Ainsi faudrait-il célébrer la mémoire des révolutionnaires de 1830 ! Cette révolution eut aussi ses victimes: 1200 blessés et 467 morts. Les révolutionnaires étaient pour la plupart des ouvriers journaliers ou du bâtiment. La moitié environ résidait à BRUXELLES. Beaucoup étaient des provinciaux arrivés depuis peu. Ils étaient touchés par la crise économique. Sans la résistance héroïque de ces combattants obscurs, le cours de l'histoire de la Belgique eut été très différent. Ce comportement préfigure celui de la population belge au cours des deux guerres du 20° siècle. La FNC y est particulièrement sensible. La FNC veut promouvoir un attachement très fort à des valeurs considérées comme universelles: la liberté, l'égalité, le pluralisme idéologique, le respect des règles démocratiques, la séparation des pouvoirs, la séparation de l'Etat et des Eglises,.... Valeurs qui ne sont pas tombées du ciel mais qui ont été forgées au cours des siècles. Rappelons la Paix de Fexhe, signée le 18 juin 1316 qui était la reconnaissance formelle et légale du partage du gouvernement entre le Souverain et le pays et aussi, au 18° siècle, l'épisode des "Etats-Belgique Unis".

 

Parler seulement des "journées de septembre", c'est un peu tronquer le récit historique. Dès 1829, l'hostilité populaire s'était jointe à l'opposition de la bourgeoisie contre la politique autocratique de Guillaume I°. Les troubles débutèrent fin juillet 1830. Aussi rapidement que les moyens de l'époque le permirent, les provinces réagirent. Le 26 août, à Liège, à l'arrivée de la diligence de Bruxelles, les dernières nouvelles se répandirent. Aussitôt, les Liégeois s'organisèrent pour prêter main forte. Le 4 septembre, les volontaires quittèrent Liège pour Bruxelles. Arrivés à Bruxelles le 7 septembre, ils s'emparèrent des armes entreposées dans l'Hôtel de Ville. Les volontaires affluèrent de tout le pays.

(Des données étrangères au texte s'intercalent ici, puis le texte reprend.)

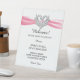 Pink Ribbon Silver Swans Wedding Safety Pedestal Sign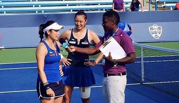 詹詠然(左)和妹妹詹皓晴攜手打進辛辛那提女雙決賽,賽後接受場邊訪問。 (圖/詹詠然提供)
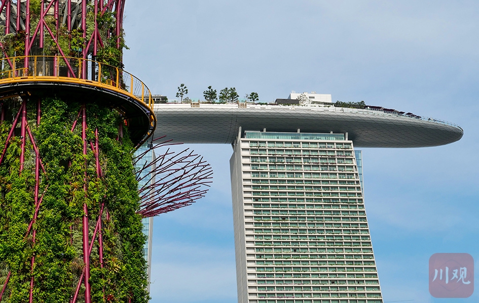新加坡滨海湾的标志性景观 —— 滨海湾花园超级树与滨海湾金沙酒店同框。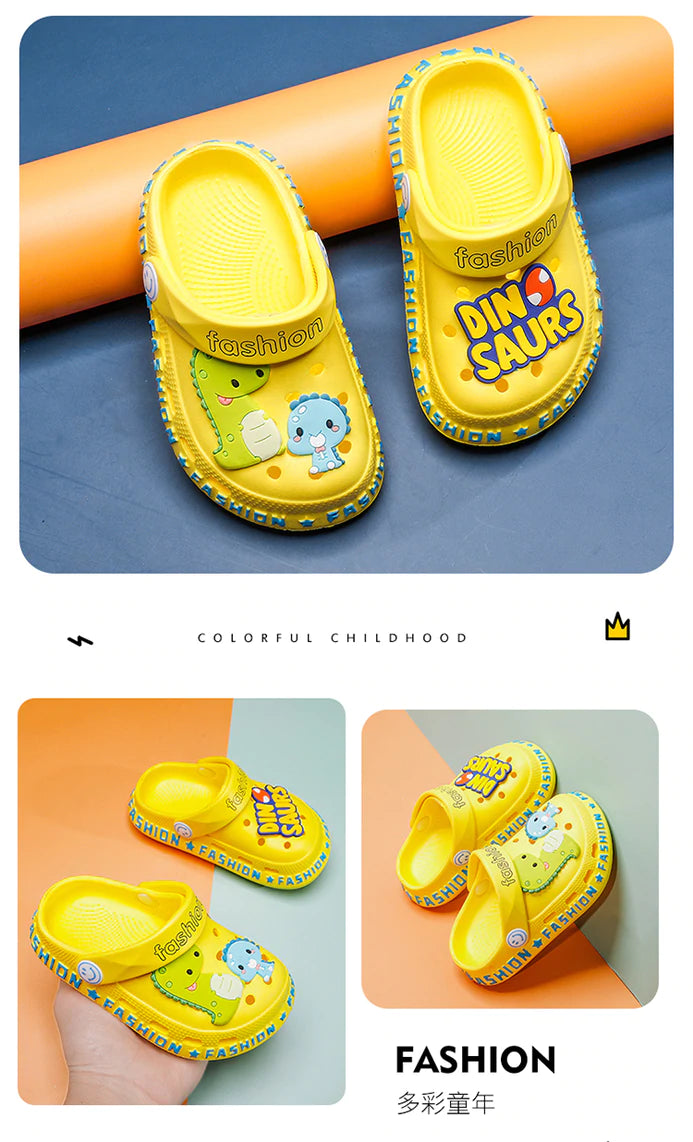 Fashion Side Print Dinosaurs Yellow Clogs 9390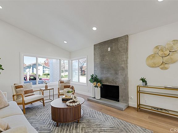 Newly remodeled Laurelwood Home with Resort-Style Amenities! COME SEE this beautifully renovated 3-bedroom, 2-bathroom home in the Laurelwood community, where modern design meets everyday convenience. Thoughtfully updated with new luxury vinyl flooring, designer light fixtures, and fresh interior and exterior paint, this home is move-in ready with a host of high-end upgrades. Step into a bright and inviting living space featuring dual-pane windows and a sliding glass door that open to a newly landscaped backyard—perfect for entertaining or unwinding in your private retreat. A stunning designer plaster fireplace anchors the living room, with high ceiling adding warmth and character. The fully remodeled kitchen boasts new two-tone cabinets with new quartz countertop, a designer tile backsplash, and brand-new appliances, including a quartz sink and garbage disposal. Each bathroom is a spa-like sanctuary, with new designer tile, a new soaking tub in the guest bath. Additional upgrades include new HVAC unit, recessed LED lighting, oversized sliding closet doors. Located in a prime Tustin location, this home offers easy access to top-rated schools, shopping, dining, entertainment, and major freeways. Residents enjoy exclusive access to a 4-acre community park, complete with a pool, playground, tennis, pickleball, and basketball courts. With its thoughtful upgrades and unbeatable location near The District and Tustin Marketplace, this home is a rare. WILL NOT LAST!
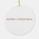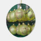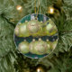Fotografía de primer plano de una canica amarilla impresa en un adorno cerámico de árbol de Navidad.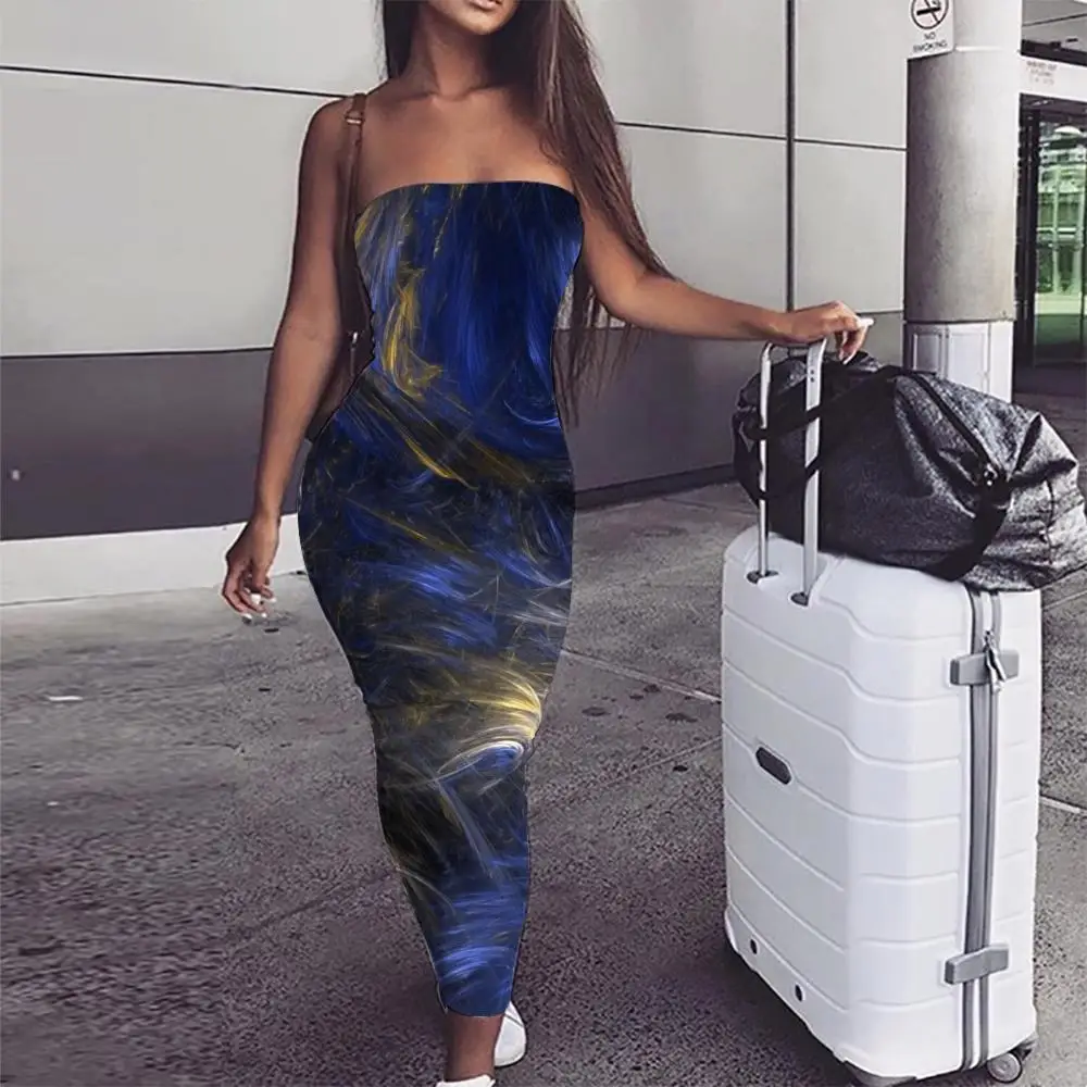 Черта: KYKU сексуальное платье макси без бретелек с открытыми плечами без рукавов прямое длинное облегающее платье с открытой спиной повседневное летнее вечернее платье для женщин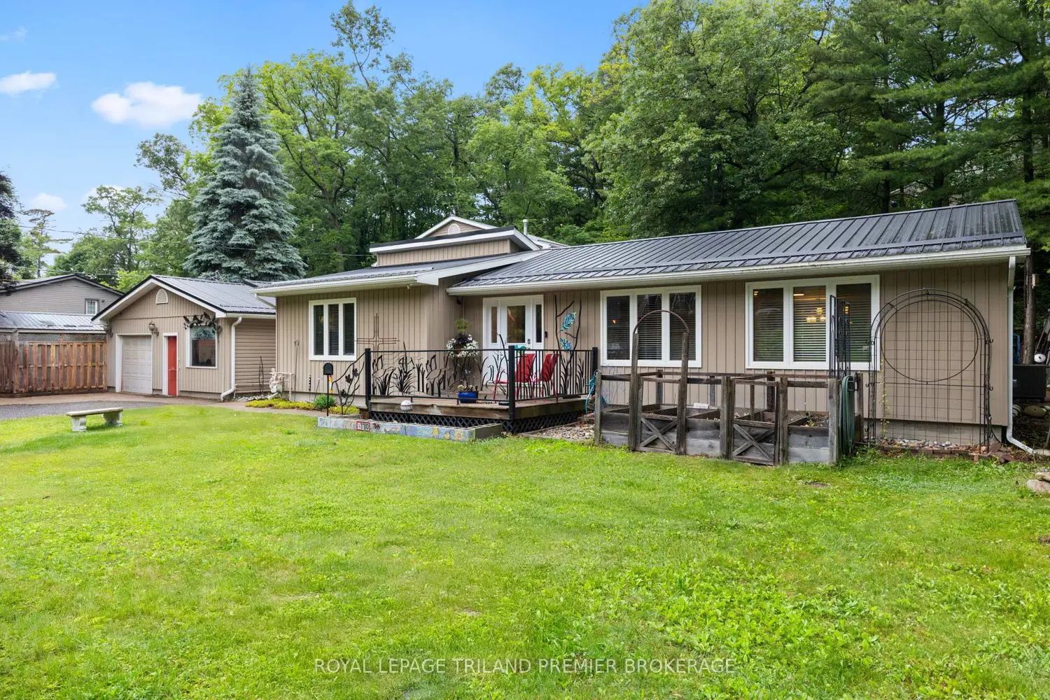 Unique Residential & Commercial Opportunity in desirable Port Franks! Welcome to this beautifully maintained and updated bungalow nestled in the charming lakeside community of Port Franks. Situated on a quiet treed lot, this property offers incredible potential for homeowners, investors, business owners or a combination to suit any buyer. The spacious main home features a bright and airy open-concept layout boasting a large kitchen loaded with storage, stainless steel appliances and wrap around island with two- tier breakfast bar; 2 bedrooms and 2 full bathrooms including primary suite with walk in closet and spa-like ensuite; living room with laminate flooring; dinette with direct access to the backyard; main floor laundry; and office space with built-in shelving. Enjoy your morning coffee and the sounds of nature in the private treed backyard or on the generous front deck. A large detached garage/workshop has 200amp service, 2-piece bathroom, and sink with counter and shelving providing ample space for hobbies, storage, parking or entrepreneurial use. At the rear of the property, you'll find a two-storey dwelling with two self-contained, and fully furnished apartment units with shared laundry hook-up, including main floor one bedroom unit and upper unit with two bedrooms plus den, kitchen with dishwasher hook-up, along with private deck - ideal for rental income or visits with extended family. Whether you're looking for a peaceful home base, an income-generating property, or a unique business opportunity, this one-of-a-kind property offers endless possibilities in a sought-after location near beaches, trails, and amenities. Dwellings are all well insulated, 2 operate. septic (apartment & shop share one). Updates include: Furnace and A/C 12 yrs, metal roof 10yrs, shop metal roof 6 yrs, windows and exterior doors 13 yrs, kitchen 13 yrs, main bath 12 yrs, ensuite 7yrs, extension on rear of home 13 yrs, soffit and fascia 13 yrs, gazebo 3yrs (all ages are approximate).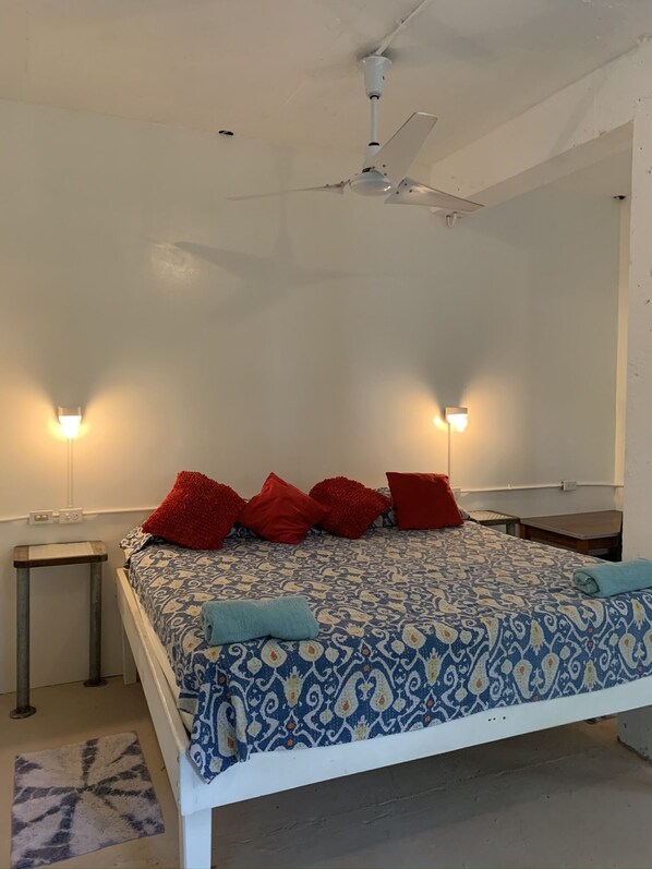 Unwind in this converted workshop turned luxurious retreat with its own private entrance. Enjoy the serene ambiance of King size bed, cooling AC, and an unusual outdoor shower amidst lots of trees and birds. Its a 3 minute walk to the beach.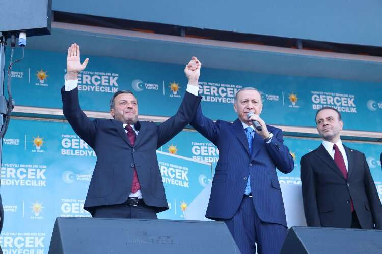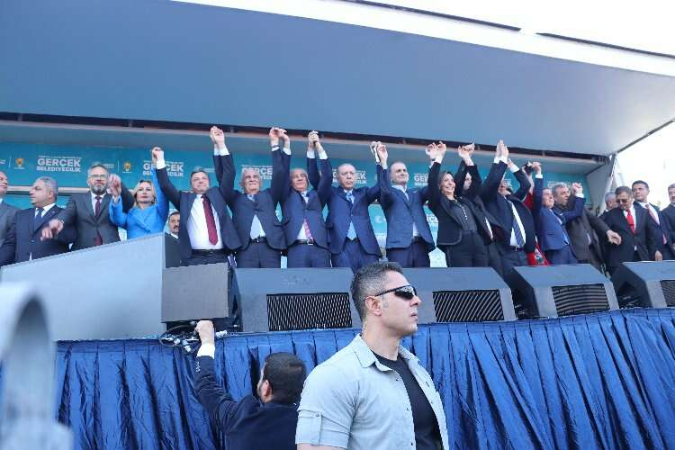 Erdoğan, Cumhur İttifakı adaylarını tanıttı. Mitinge Ak Parti Genel Başkan Yardımcıları Efkan Ala, Ömer Çelik, Yusuf Ziya Yılmaz ve MHP ve Ak Parti Adana Milletvekileri katıldı.

Des troubles éclatèrent un peu partout.

 

Considérer la Belgique comme une création artificielle c'est donc nier la réalité historique. Souvent, on lit des déclarations présentant la Belgique comme une « création artificielle » complotée de l'étranger. Ces vues sont présentées au grand public pour justifier, après coup, des positions politiques séparatistes actuelles.

 

En réaction à l'attitude autocratique de Guillaume I°, les Constituants de 1830 instaurèrent un régime de démocratie représentative permettant l'expression de toutes les sensibilités. Pour l'époque, cette Constitution était iconoclaste: les pouvoirs du roi avaient été définis avant son intronisation; le gouvernement émanait du Parlement et était responsable devant lui seul; l'autonomie des pouvoirs locaux garantissait l'existence de contrepoids au pouvoir central; la liberté individuelle était consacrée dans les premiers articles. Bien sûr elle comportait des défauts, tels le suffrage censitaire, un service militaire injuste...Mais ce rappel permet de mesurer le chemin parcouru. Nos anciens se sont battus pour le droit de vote et, plus récemment, pour celui des femmes et aussi pour un principe qui peut paraître contradictoire: tous ceux qui ont le droit de vote ont le devoir de l'exercer. S'abstenir, c'est refuser de prendre ses responsabilités.

 

La démocratie est quelque chose de fragile. Nous avons déjà eu à la défendre notamment dans les années 30 et lors des occupations. Surtout lors de la seconde guerre quand le pays fut la proie d'un occupant autoritaire et prédateur ayant reçu la collaboration des rexistes en Wallonie et de la VNV en Flandre.

 

L'idée de démocratie représentative est mise à mal par le populisme. Le populisme n'est pas un style de discours ni non plus un mot de mépris échangé entre adversaires. C'est une doctrine. Il est divers mais il se caractérise par quelques propositions communes: l'existence d'un peuple uniforme, dépourvu d'intérêts contradictoires, opposé naturellement aux castes dirigeantes; cette opposition étant la seule forme de fracture sociale; l'existence d'une "majorité silencieuse" ignorée; souvent le nationalisme ou la volonté de tourner le dos à l'étranger; une communication directe avec un leader dit représentatif, souvent via les réseaux sociaux.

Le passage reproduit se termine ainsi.